More from the ‘You just couldn’t make it up’ Dept
Sometimes, this column just writes itself. Take this story by Rachel Flint, of the Newcastle Evening Chronicle about the Revd Jim Craig, the ‘Gateshead and Bensham Community Chaplain to the Arts’ (sic) in the diocese of Durham:
Vicar Jim Craig is planning to put up a life-size crucifix made of fat at a Tyneside church. Parishioners at St Edmund’s Chapel, Gateshead, could soon be saying their prayers before a sculpture of Christ on the cross - carved out of pig fat. He intends to suspend the creation from the walls of his high street chapel, which also doubles up as an art gallery. Created by artist Jonathan Scott Wood, the controversial sculpture will be displayed alongside other shocking images – including one of the devil putting two fingers up at an angel. The Vicar commented: ‘We will have to work out how heavy it will be and how we will attach it to a wall. And whether - if we hang it over a radiator - we will end up with a huge pile of fat on the carpet.’
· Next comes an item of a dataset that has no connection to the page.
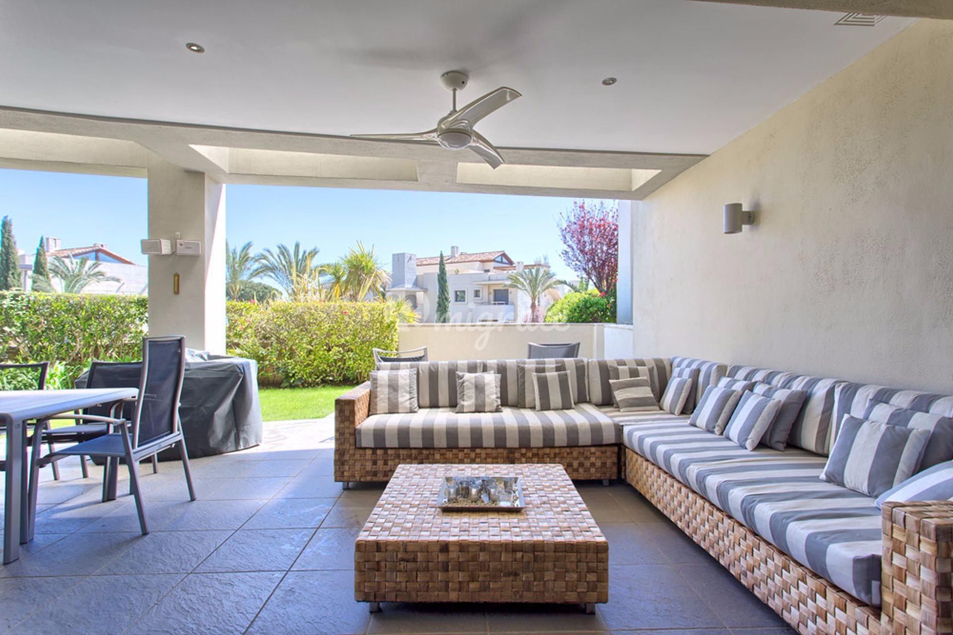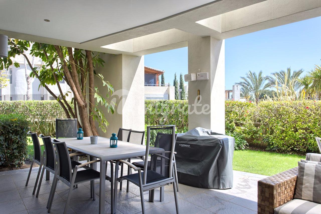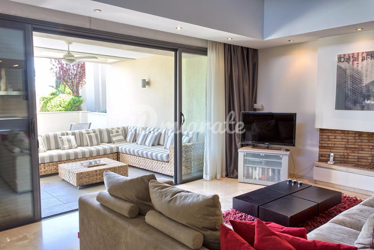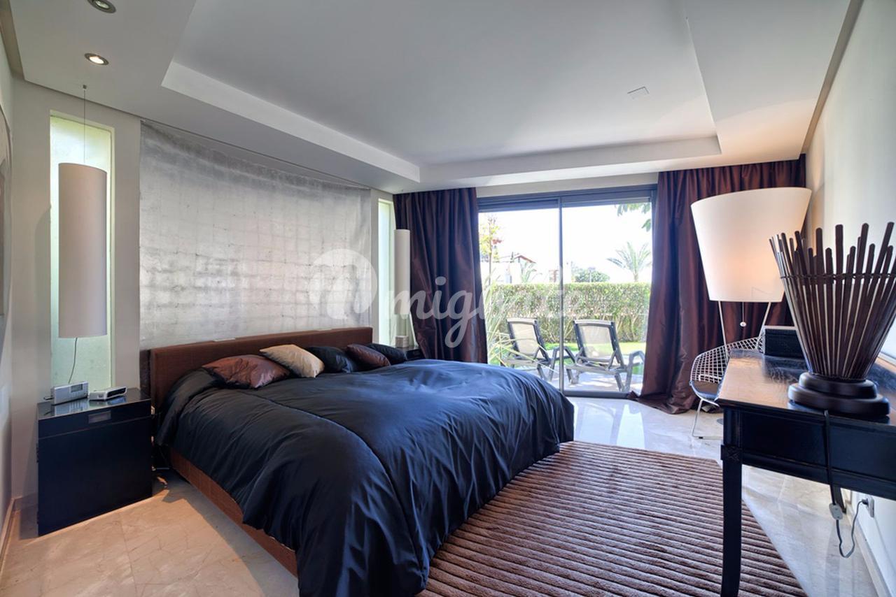 Просторные роскошные апартаменты, расположенные на Золотой Миле, Марбелья. Апартаменты находятся на первом этаже закрытого охраняемого комплекса. Апартаменты располагают: столовой, гостиной с камином и высокими потолками, полностью оборудованной современной кухней открытого плана, главной спальней с ванной комнатой и гардеробной, 2 гостевыми спальнями с ванными комнатами. Из всех спален есть выход на террасу и небольшой частный сад.

Little surprise, then, that the Evening Chronicle’s Sub Editor couldn’t resist the temptation to top the piece with the inevitable and tasteless (in every sense of the word) headline: Vicar hopes congregation will praise the lard.
Finally, a quick visit to the website of the English Churchman (A Protestant Family Newspaper) to see what it made of Pope Benedict’s recent triumphant visit to the UK. Predictably enough, what with the English Reformation still so fresh in their memories, the answer seemed to be ‘not much’. Under the somewhat unambiguous headline Papal Visit Heralds New Dark Ages the front page of this fortnightly, forty pence and ten pages worth (sic) of bile devotes no less than 1,876 words to explaining why the Papal Visit was, er, wrong. A taste:
While the visit started in Edinburgh it was highly distasteful to hear BBC commentators constantly using the phrase "Holy Father" to describe the Pope. It was a terrible sight to see everyone in Edinburgh, including to some extent, Her Majesty Queen Elizabeth II, fawning around after the Pope on 16th Sept. We were glad to have missed most of the programme. Returning the compliment, we at 30DAys are just as glad that no one bothers to read your rubbish little newspaper anymore.